Of course, there is much more to say. Our recent paper also introduces several other components which we will revisit in coming posts: the Explainer, which supplies natural language explanations of the Predictor’s raw probabilistic outputs like a scientist proposing a theory. So too do we provide a safety result, which bounds the probability that our trained system produces what we call a ‘dangerous Predictor’. And yet more can be said both on the assumptions behind our proposal that would benefit from empirical stress-testing, alongside the legitimate role that agency can play in the SAI — in the form of explicit agency that resides in explicit, auditable scaffolding code, rather implicit agency hidden in the Predictor itself. 

Perhaps the most important point to acknowledge is the way in which SAI training avoids sycophancy and implicit agency. Our pipeline produces neither sycophant nor schemer, but it does not thereby produce a saint. The power of the Predictor rests on disinterest in anything other than accuracy of its predictions over previous observations. While the Predictor can predict whether an action is likely to violate a particular moral principle, it does not itself care about these moral principles itself. 

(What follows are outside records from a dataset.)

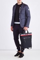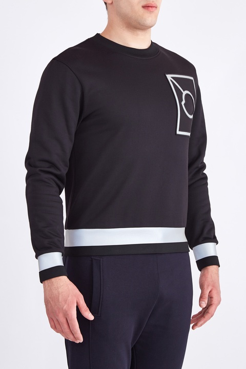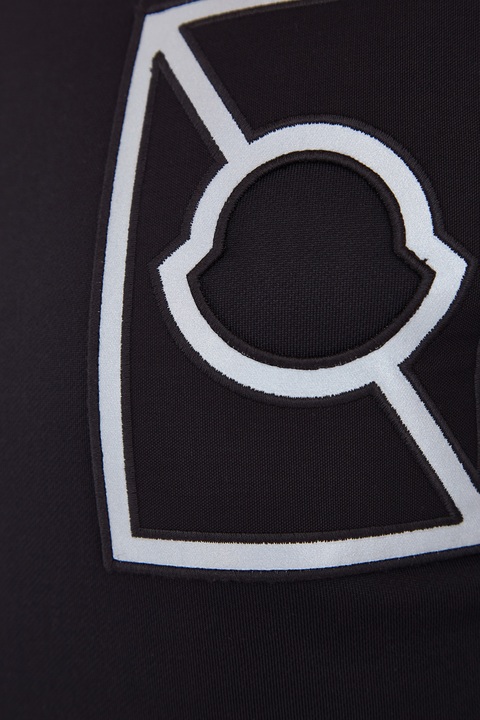 Эффектный мужской свитшот из коллаборации бренда Moncler и дизайнера Крейга Грина «Moncler C» выполнен из эластичного хлопка в базовом черном цвете. Особенностью модели стали покрытые светоотражающим материалом «Reflex» манжеты рукавов и нижняя кромка, а также нашивка из холщовой ткани с логотипом коллекции на передней планке. Круглый ворот горловины завершает смелый образ в спортивном стиле.
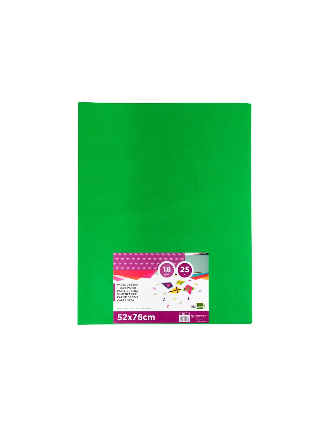 Gramaje: 18 g/m². Papel de seda, coloreado en masa, presentado en paquetes de 25 hojas. Aplicación: manualidades, decoración, etc. Medidas de la hoja: 52 x 76 cm.
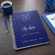 Navy blue white monogram business logo planner
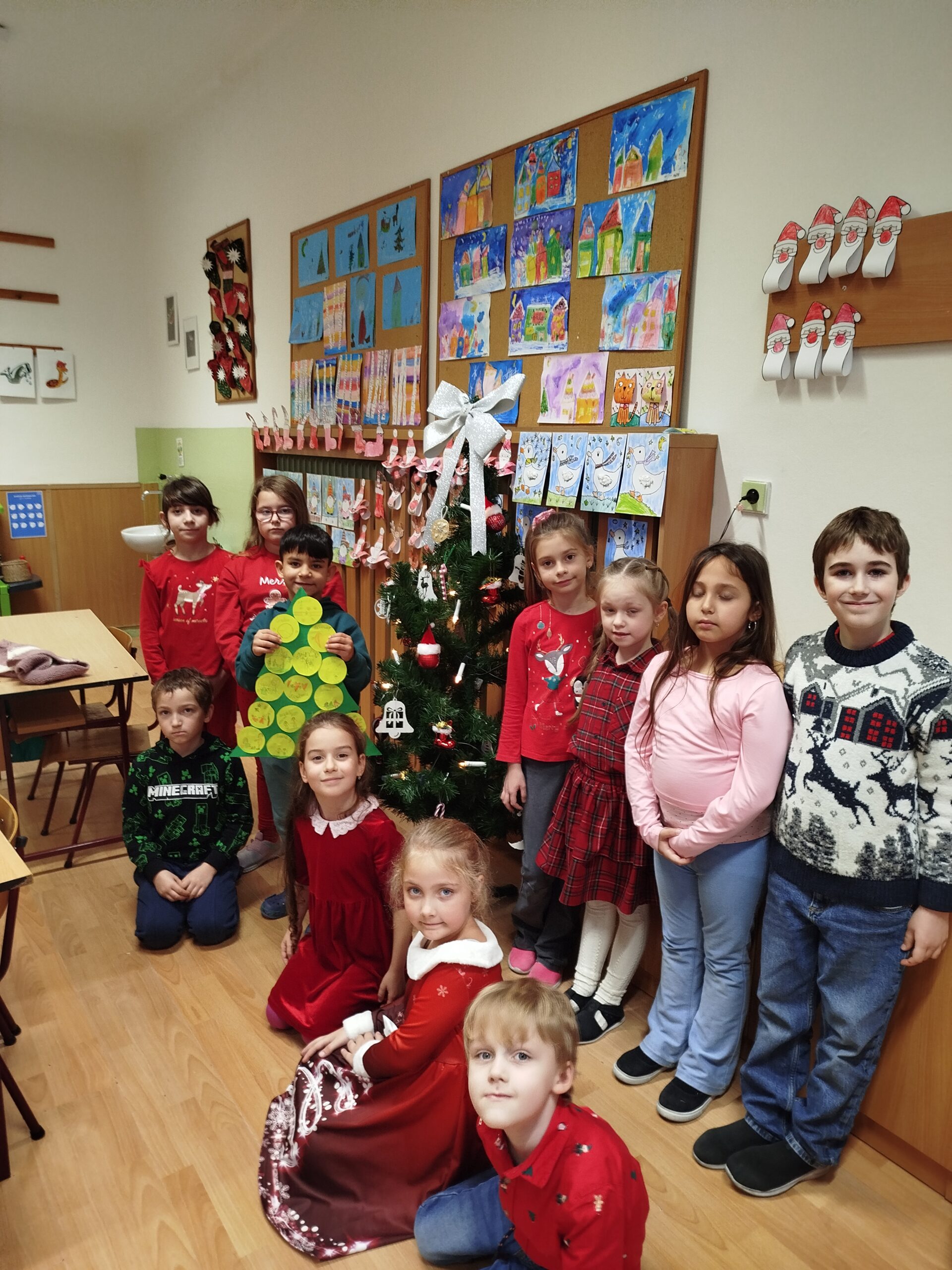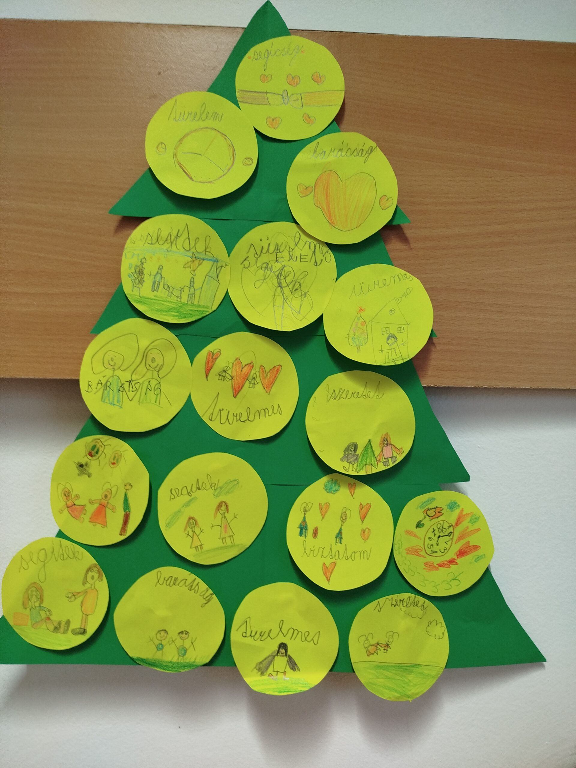 A gyerekek karácsonyfadíszre rajzolták, írták a megvalósított jótetteiket.

We take this disinterest to be a feature rather than a bug. The disinterest of the Predictor is precisely what allows the incentives driving towards accuracy to work in tandem with those that drive to safety. With no care for consequences of any kind, its outputs follow simply from predictions of the truth of a given statement as it is reflected in its understanding of the world. The power of the Predictor rests on disinterest in anything other than accuracy of its predictions over previous observations, based on causal mechanisms that are likely to generalize in new situations, just like scientific theories. 

  • 1

    We use ‘care’ in a very minimal sense. A system ‘cares’ about the downstream consequences of its outputs if those downstream consequences in some way influence the system’s outputs.